I would seriously like to know.

The Knowledge Deficit

So I finally got around to reading The Knowledge Deficit, E.D. Hirsch’s screed against the American educational establishment. I didn’t actually realize that the book was controversial until I mentioned it to a couple of people. I can’t, however, say that I’m surprised it elicited the reaction it did when it was first published; it contradicts pretty much all the received wisdom about what constitutes effective education in the United States, and it does so very, very bluntly. I can’t figure out how it didn’t get on my radar sooner.

Unknown

 

The essay paradox (maybe facts aren’t so bad after all!)

Here’s something I find puzzling: the SAT essay consistently comes under fire for allowing kids to make up information without being penalized for it. Presumably, then, the people doing the criticizing believe that knowing facts, and citing them appropriately in one’s writing, is a good thing. But at the same time, those people turn around and criticize schools for promoting “drill and kill” and “rote learning.”

If students were truly exposed to endless “drill and kill,” they would presumably at least know facts. There’s almost no way *not* to remember things after hearing them repeated a certain number of times. But from what I’ve observed, most of my students have difficulty discussing their Essay examples in anything resembling an in-depth manner because they don’t know enough concrete facts — about academic subjects, at least — to be able to discuss history, literature, or current events in detail.
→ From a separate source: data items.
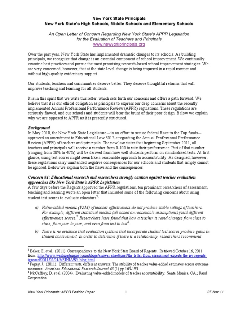 Appr Position Paper 27nov11 Pdf Education Reform Teachers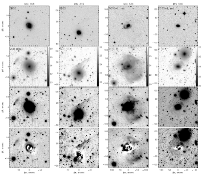 Рис.1. Сверху вниз: изображения из цифрового обзора неба; глубокие изображения, полученные на 6-м телескопе САО РАН, в шкале звездных величин и в линейной шкале, и остаточные изображения после вычитания симметричной модели распределения поверхностной яркости.
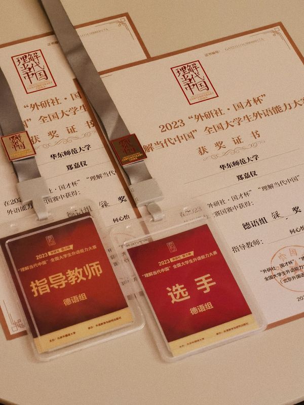 12月7日,2023“外研社·国才杯”“理解当代中国”全国大学生外语能力大赛(多语种组)国赛在北京举行。经过省赛和国赛第一轮的层层选拔,我校番茄小说 德语系2023级研究生郑嘉仪同学脱颖而出,和来自全国各院校的其他14名德语组选手一起展开了国赛第二阶段的巅峰对决,最终以优异的表现斩获全国银奖。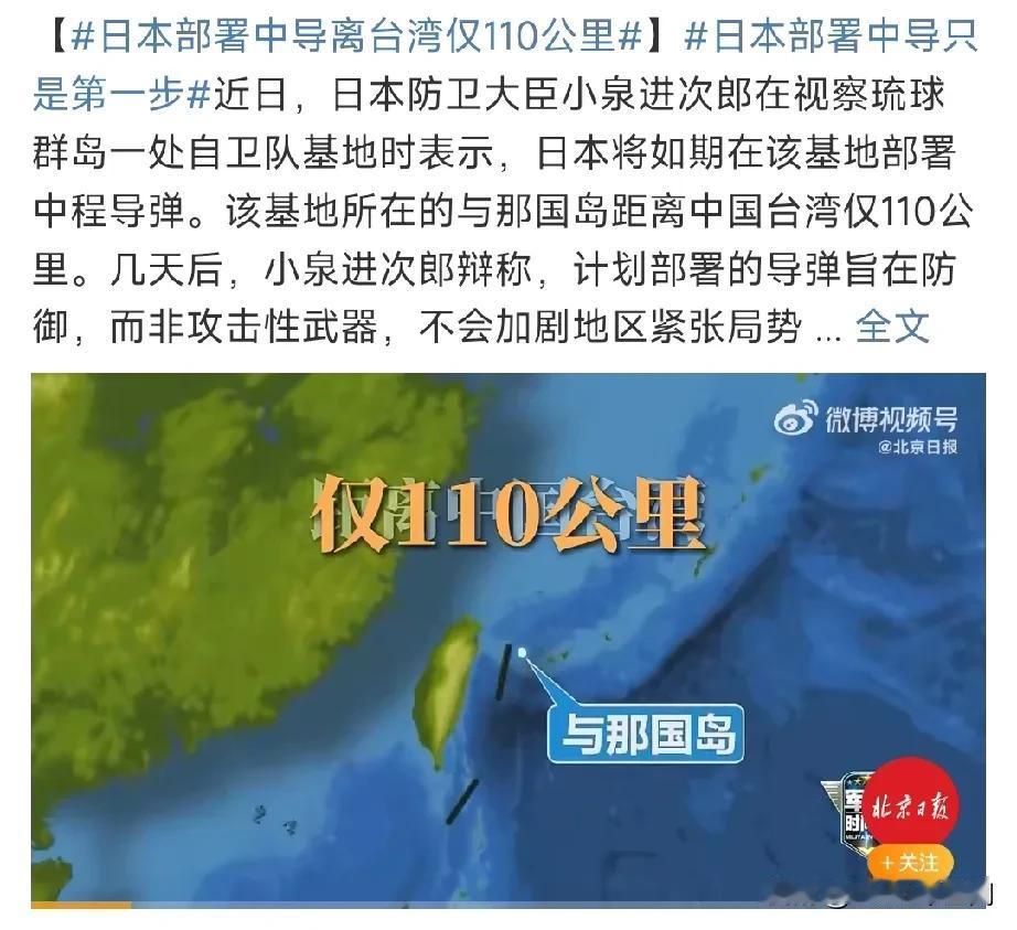 日本部署中导只是第一步! 现在距离台湾只有110公里,接下来,日军会以各种办法、各种理由无限接近台湾,同时制造储备越来越尖端的大规模杀伤性武器来获得最大战斗力最大与信心: 所以,日本部署中导只是第一步,第二步或是全境覆盖台湾,第三步或是制造事端…… 最后,决战或首先在岛上打响。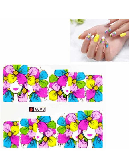 A093 | Τατουάζ νερού, πρόσωπο και πολύχρωμα λουλούδια | Water transfer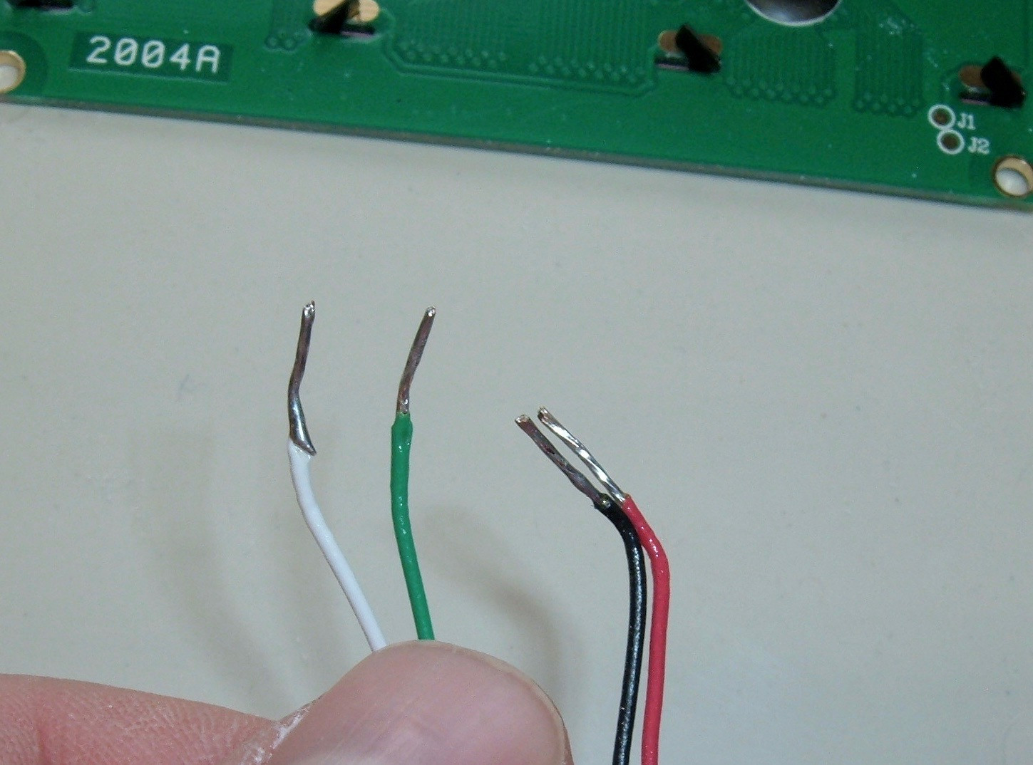 The cable I’m using here is some security system 4 conductor cable I found at Home Depot - I use this for many of my projects. You can make a perfectly good plug in lead out of the end of a stranded wire with some solder. These ended up a bit thick - it works better if you have the wire slightly starved for solder (the red and black wires are better). But, they plug right in to the Arduino sockets!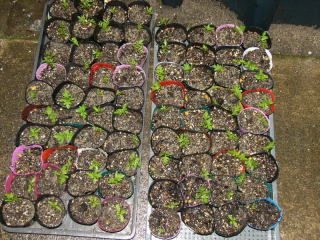 サクラソウのポット取りがほぼ完成しました。12ケースですが、残念ながら4ケースは心配な苗です。まともなのは8ケースしかとれていないので、今までの予定より1/2から1/3程度になってしまいます。いつも差し上げている人にはできるだけ差し上げたいとは思いますが、やや少なめになります。何とか来週くらいから配り始められると思います。小苗が早く大きくなってほしいものです。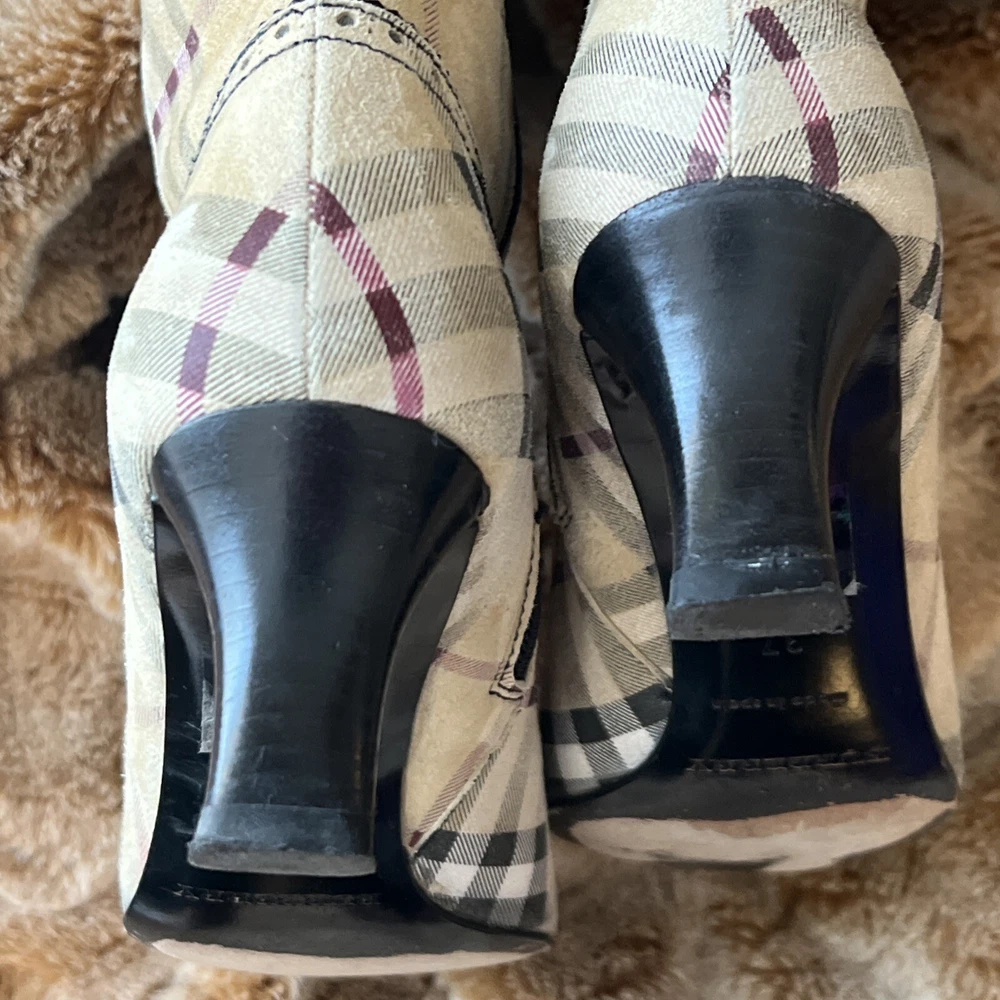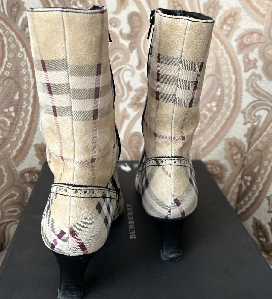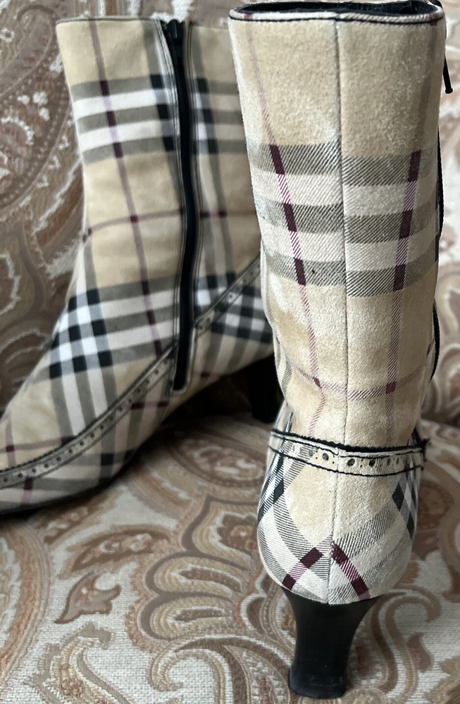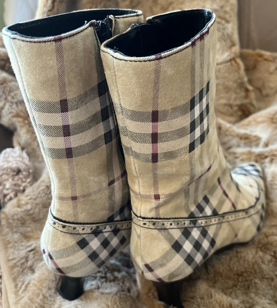 RARE BURBERRY Nova Check Suede, Kitten Heeled Boots Womans Size 37, US Size. These gently loved Burberry house check boots are from our personal collection and smoke free home. Zippers in perfect condition. Soles have a little wear. Burberry nova check suede exterior and leather interior. Kitten heals and cute detailing! Size 37 = US size 7 runs narrow and runs small. Please see photos as they are part of the description.

As a result, their writing inevitably becomes vague, repetitive, and confused.

Does anyone else see the irony here?

You can’t insist that schools stop teaching facts and then be surprised when students don’t know facts!

To be clear, I understand perfectly well that students learn facts best in the context. But the idea that kids are simply sitting and chanting “one times one is one, two times two is four…” is profoundly detached from the reality of American schools in 2014. (Yes, there are plenty of schools that drill kids endlessly in test-taking strategies, but that’s not what I’m talking about here.) More likely they’re clustered in groups so they can “learn from each other,” with one or two diligent kids sitting and doing the work while the others talk about what they did last weekend.
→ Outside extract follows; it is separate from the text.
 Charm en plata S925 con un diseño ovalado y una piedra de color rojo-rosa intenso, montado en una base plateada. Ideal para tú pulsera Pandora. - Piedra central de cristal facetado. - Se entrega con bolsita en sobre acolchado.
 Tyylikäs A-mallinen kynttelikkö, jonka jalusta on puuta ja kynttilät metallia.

If an administrator happens to poke her head in, they’ll all look like wonderfully active and engaged learners, but the chances that they’ll retain any of what they discussed tomorrow or the next day are pretty slim. Then the  ones who can afford it hire tutors to do the drilling they didn’t get in class.

The reality is that even if teachers do present fascinating, engaging, stimulating lessons, kids still need to be held responsible for mastering basic pieces of factual knowledge — the two are not mutually exclusive, and it’s a gross oversimplification to claim that they are. But learning usually involves repetition, sometimes lots of repetition. That’s just how it works. In other domains (sports, music, etc.), that’s still accepted as common sense, but when it comes to academics, all that flies out the window.
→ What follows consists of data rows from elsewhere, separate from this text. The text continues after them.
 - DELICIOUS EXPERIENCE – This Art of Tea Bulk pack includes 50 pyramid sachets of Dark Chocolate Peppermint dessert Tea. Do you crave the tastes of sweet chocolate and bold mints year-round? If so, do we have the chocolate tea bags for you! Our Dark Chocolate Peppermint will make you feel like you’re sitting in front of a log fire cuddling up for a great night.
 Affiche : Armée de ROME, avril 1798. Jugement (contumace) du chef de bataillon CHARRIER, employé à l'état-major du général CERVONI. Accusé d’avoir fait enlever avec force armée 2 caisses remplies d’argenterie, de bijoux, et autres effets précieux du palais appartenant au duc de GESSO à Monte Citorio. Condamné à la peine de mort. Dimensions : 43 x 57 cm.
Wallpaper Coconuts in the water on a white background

Incidentally, I now encourage my students who are big sports fans to just write about sports: a kid who can’t write a coherent argument about the The Great Gatsby to save his life suddenly turns into a clear, flowing, and eloquent writer, complete with names, dates, facts, and statistics, when discussing Magic Johnson’s career. And it works: those essays are (by SAT essay standards) interesting to read, relatively painless for the kids to write, and they consistently receive scores of 10+.

Funny that I don’t see anyone complaining about “rote learning” there — if a kid wants to spend hours memorizing batting or shooting statistics, no one seems to have the least problem with it.